### [Activity]
Your task is to copy exactly the lines from the line containing "et of 4 clear" through the end of the listing below, with pictures left out.
--- --- ---
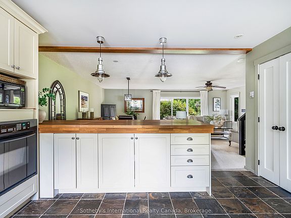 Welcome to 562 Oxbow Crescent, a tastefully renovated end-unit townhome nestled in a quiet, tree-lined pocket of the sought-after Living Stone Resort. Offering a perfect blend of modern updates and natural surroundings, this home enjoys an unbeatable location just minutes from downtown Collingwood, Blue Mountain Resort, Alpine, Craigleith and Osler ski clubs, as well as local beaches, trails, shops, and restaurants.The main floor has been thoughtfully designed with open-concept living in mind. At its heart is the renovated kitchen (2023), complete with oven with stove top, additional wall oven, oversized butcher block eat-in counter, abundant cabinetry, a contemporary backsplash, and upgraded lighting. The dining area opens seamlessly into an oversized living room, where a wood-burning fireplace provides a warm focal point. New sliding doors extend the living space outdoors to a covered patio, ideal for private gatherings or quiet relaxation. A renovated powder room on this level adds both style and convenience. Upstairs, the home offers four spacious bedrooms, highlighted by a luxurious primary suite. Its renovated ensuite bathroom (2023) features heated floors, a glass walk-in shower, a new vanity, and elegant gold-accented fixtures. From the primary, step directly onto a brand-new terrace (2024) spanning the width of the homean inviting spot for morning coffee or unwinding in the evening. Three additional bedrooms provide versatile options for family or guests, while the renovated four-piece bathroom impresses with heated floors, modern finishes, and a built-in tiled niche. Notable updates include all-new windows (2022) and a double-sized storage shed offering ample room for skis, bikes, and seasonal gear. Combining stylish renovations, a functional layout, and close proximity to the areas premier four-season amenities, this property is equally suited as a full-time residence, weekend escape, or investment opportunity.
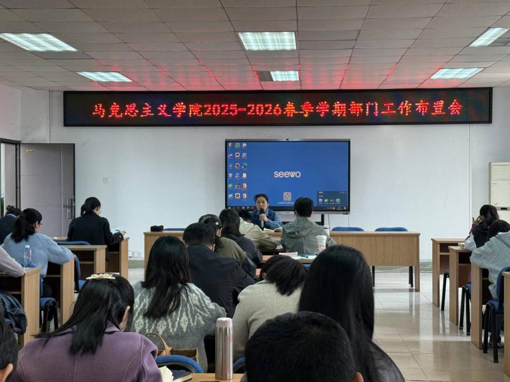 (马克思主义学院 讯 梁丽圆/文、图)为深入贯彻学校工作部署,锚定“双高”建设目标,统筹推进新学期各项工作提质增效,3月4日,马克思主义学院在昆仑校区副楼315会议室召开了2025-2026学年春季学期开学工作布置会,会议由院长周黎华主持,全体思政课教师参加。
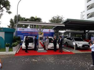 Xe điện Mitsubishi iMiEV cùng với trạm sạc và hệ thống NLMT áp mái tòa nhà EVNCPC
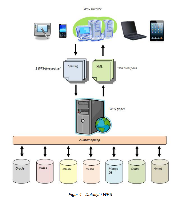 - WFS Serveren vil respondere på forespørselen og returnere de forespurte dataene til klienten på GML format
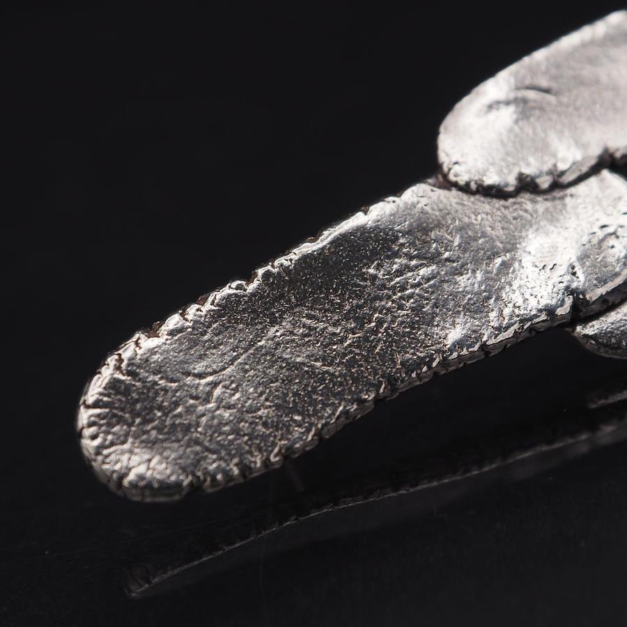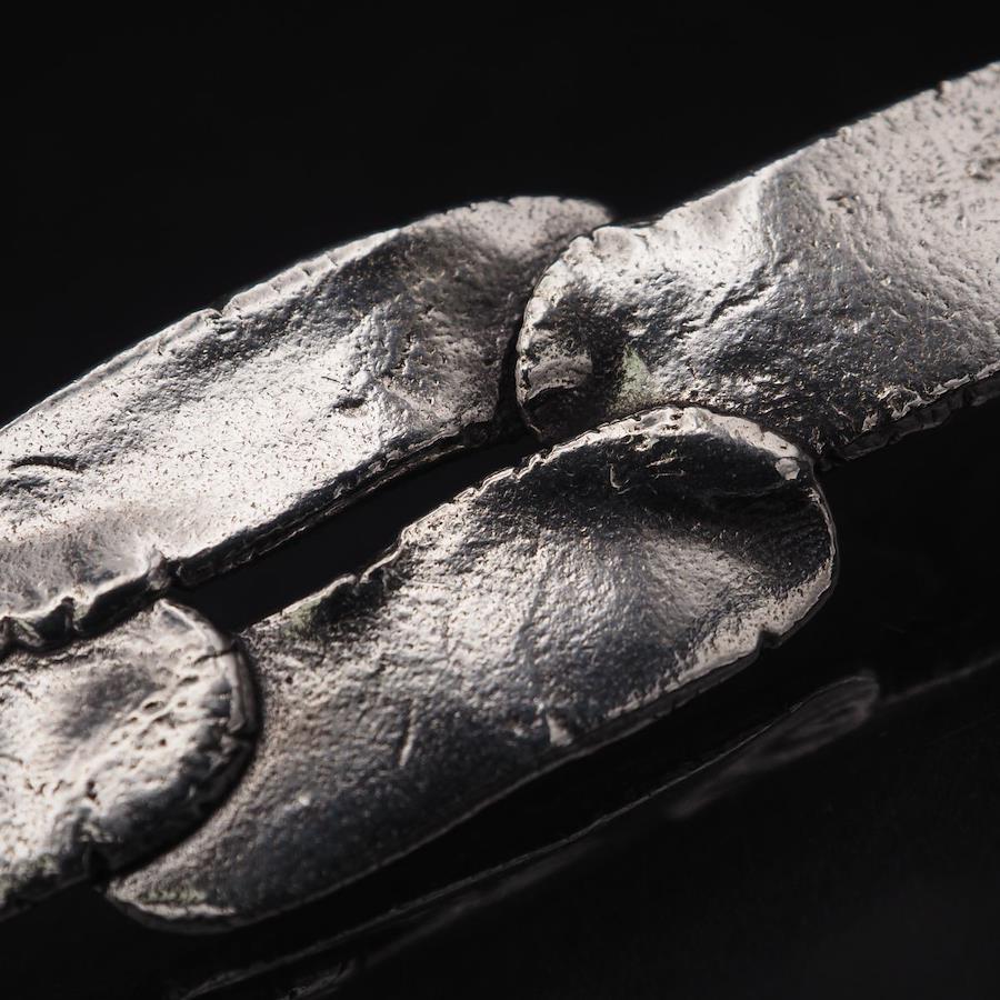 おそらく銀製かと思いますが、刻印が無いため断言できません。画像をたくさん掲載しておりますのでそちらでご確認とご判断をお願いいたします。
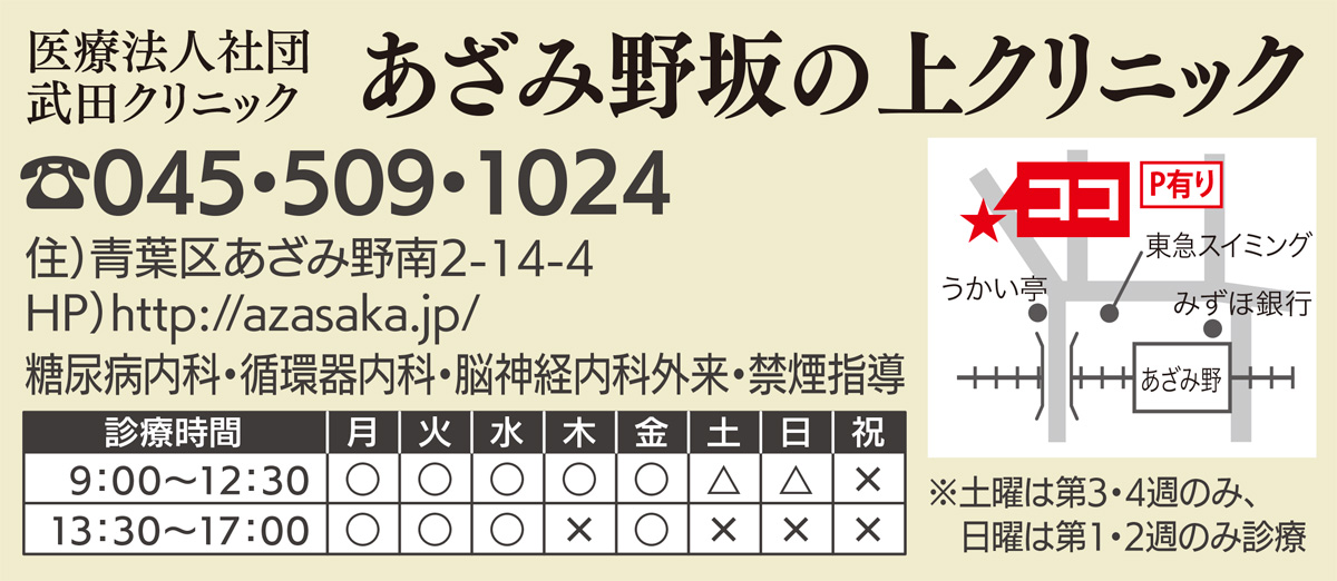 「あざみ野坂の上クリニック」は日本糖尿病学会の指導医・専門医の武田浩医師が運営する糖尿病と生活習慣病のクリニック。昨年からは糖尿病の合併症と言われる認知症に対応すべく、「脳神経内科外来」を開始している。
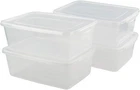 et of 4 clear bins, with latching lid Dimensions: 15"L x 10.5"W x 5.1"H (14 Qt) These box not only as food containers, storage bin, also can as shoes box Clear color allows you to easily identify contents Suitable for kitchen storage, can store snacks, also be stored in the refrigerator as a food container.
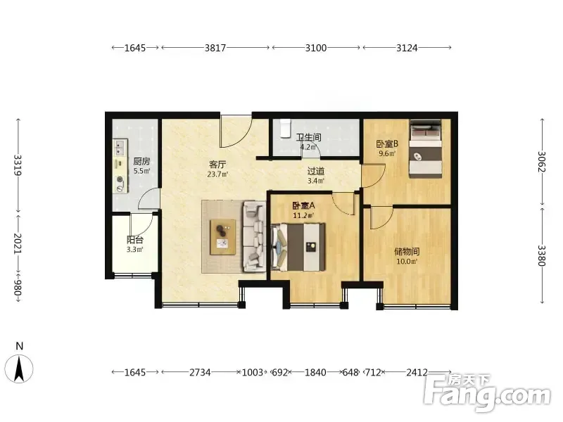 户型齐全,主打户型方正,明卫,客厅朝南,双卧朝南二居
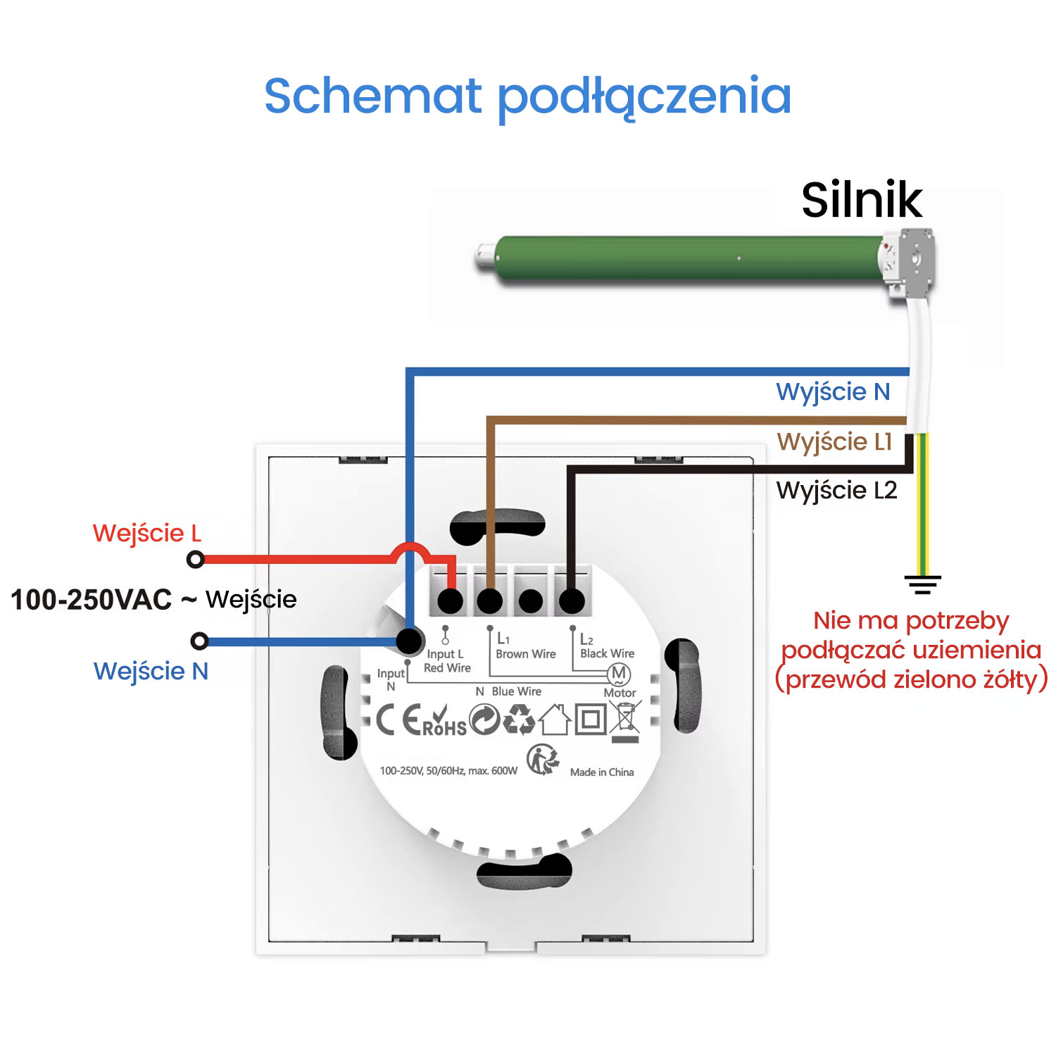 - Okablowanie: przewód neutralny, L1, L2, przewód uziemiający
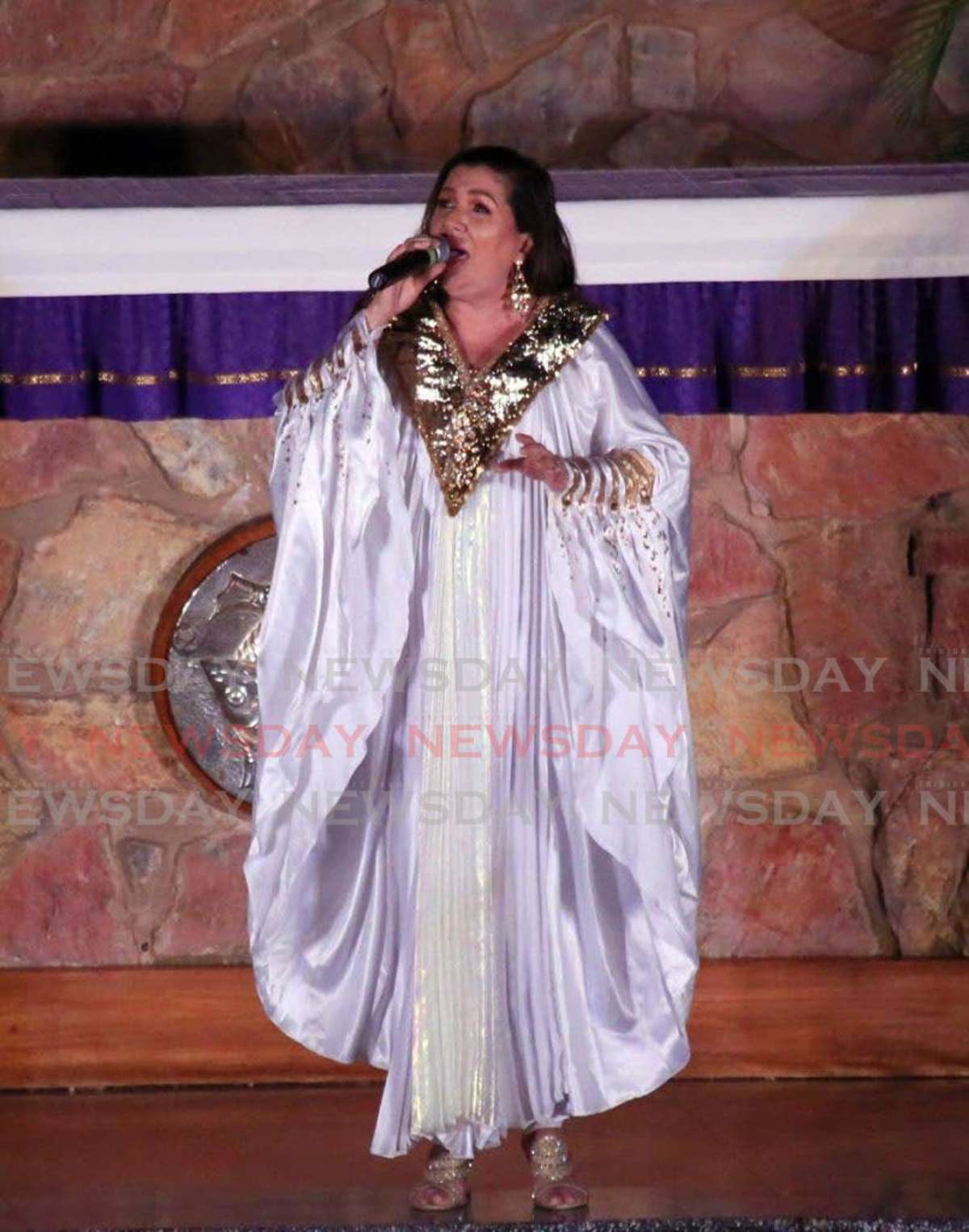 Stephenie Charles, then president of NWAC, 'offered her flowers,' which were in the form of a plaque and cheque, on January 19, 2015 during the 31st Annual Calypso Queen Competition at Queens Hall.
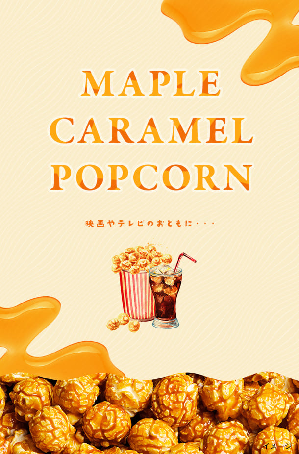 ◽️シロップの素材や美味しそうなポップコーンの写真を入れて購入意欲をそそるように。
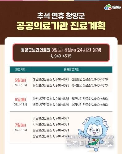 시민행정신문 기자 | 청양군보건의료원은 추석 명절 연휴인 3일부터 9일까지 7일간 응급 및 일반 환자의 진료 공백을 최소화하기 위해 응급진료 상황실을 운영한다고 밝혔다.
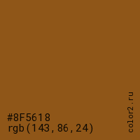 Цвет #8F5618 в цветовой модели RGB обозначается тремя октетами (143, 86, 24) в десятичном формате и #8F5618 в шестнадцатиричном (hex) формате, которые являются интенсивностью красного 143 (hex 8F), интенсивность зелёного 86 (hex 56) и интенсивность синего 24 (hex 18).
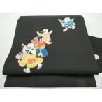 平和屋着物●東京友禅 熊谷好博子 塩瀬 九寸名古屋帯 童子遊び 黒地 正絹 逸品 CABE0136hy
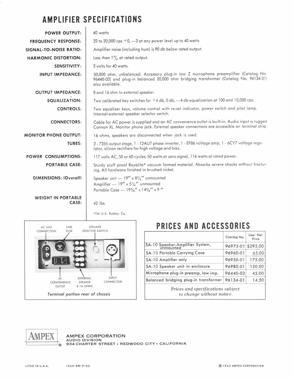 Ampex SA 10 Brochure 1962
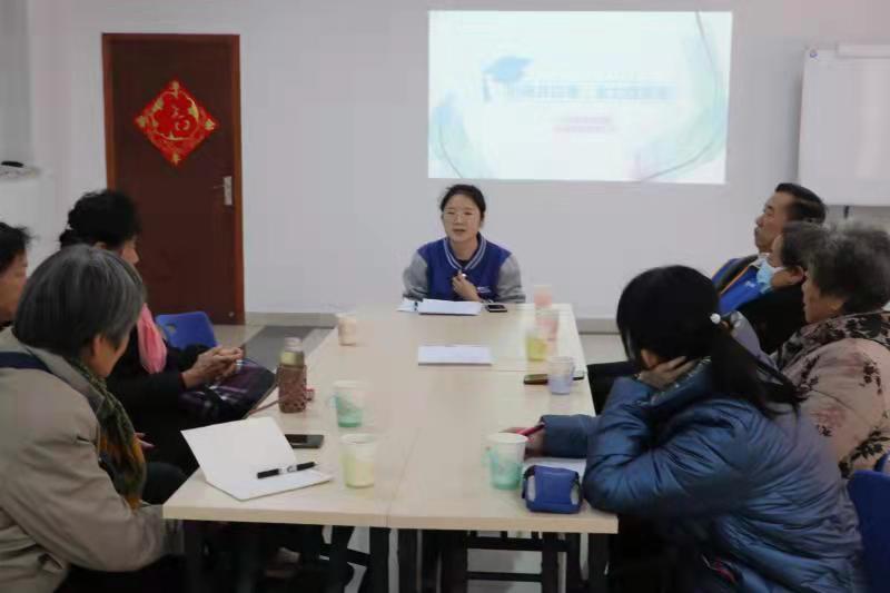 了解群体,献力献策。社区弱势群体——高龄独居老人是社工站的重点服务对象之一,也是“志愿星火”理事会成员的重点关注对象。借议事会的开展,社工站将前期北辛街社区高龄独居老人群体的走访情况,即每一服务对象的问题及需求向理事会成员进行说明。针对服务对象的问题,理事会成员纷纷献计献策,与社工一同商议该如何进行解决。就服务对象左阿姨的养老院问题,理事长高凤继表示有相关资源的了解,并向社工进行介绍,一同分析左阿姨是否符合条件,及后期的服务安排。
--- --- ---
### [Result of the exercise]
 et of 4 clear bins, with latching lid Dimensions: 15"L x 10.5"W x 5.1"H (14 Qt) These box not only as food containers, storage bin, also can as shoes box Clear color allows you to easily identify contents Suitable for kitchen storage, can store snacks, also be stored in the refrigerator as a food container.
 户型齐全,主打户型方正,明卫,客厅朝南,双卧朝南二居
 - Okablowanie: przewód neutralny, L1, L2, przewód uziemiający
 Stephenie Charles, then president of NWAC, 'offered her flowers,' which were in the form of a plaque and cheque, on January 19, 2015 during the 31st Annual Calypso Queen Competition at Queens Hall.
 ◽️シロップの素材や美味しそうなポップコーンの写真を入れて購入意欲をそそるように。
 시민행정신문 기자 | 청양군보건의료원은 추석 명절 연휴인 3일부터 9일까지 7일간 응급 및 일반 환자의 진료 공백을 최소화하기 위해 응급진료 상황실을 운영한다고 밝혔다.
 Цвет #8F5618 в цветовой модели RGB обозначается тремя октетами (143, 86, 24) в десятичном формате и #8F5618 в шестнадцатиричном (hex) формате, которые являются интенсивностью красного 143 (hex 8F), интенсивность зелёного 86 (hex 56) и интенсивность синего 24 (hex 18).
 平和屋着物●東京友禅 熊谷好博子 塩瀬 九寸名古屋帯 童子遊び 黒地 正絹 逸品 CABE0136hy
 Ampex SA 10 Brochure 1962
 了解群体,献力献策。社区弱势群体——高龄独居老人是社工站的重点服务对象之一,也是“志愿星火”理事会成员的重点关注对象。借议事会的开展,社工站将前期北辛街社区高龄独居老人群体的走访情况,即每一服务对象的问题及需求向理事会成员进行说明。针对服务对象的问题,理事会成员纷纷献计献策,与社工一同商议该如何进行解决。就服务对象左阿姨的养老院问题,理事长高凤继表示有相关资源的了解,并向社工进行介绍,一同分析左阿姨是否符合条件,及后期的服务安排。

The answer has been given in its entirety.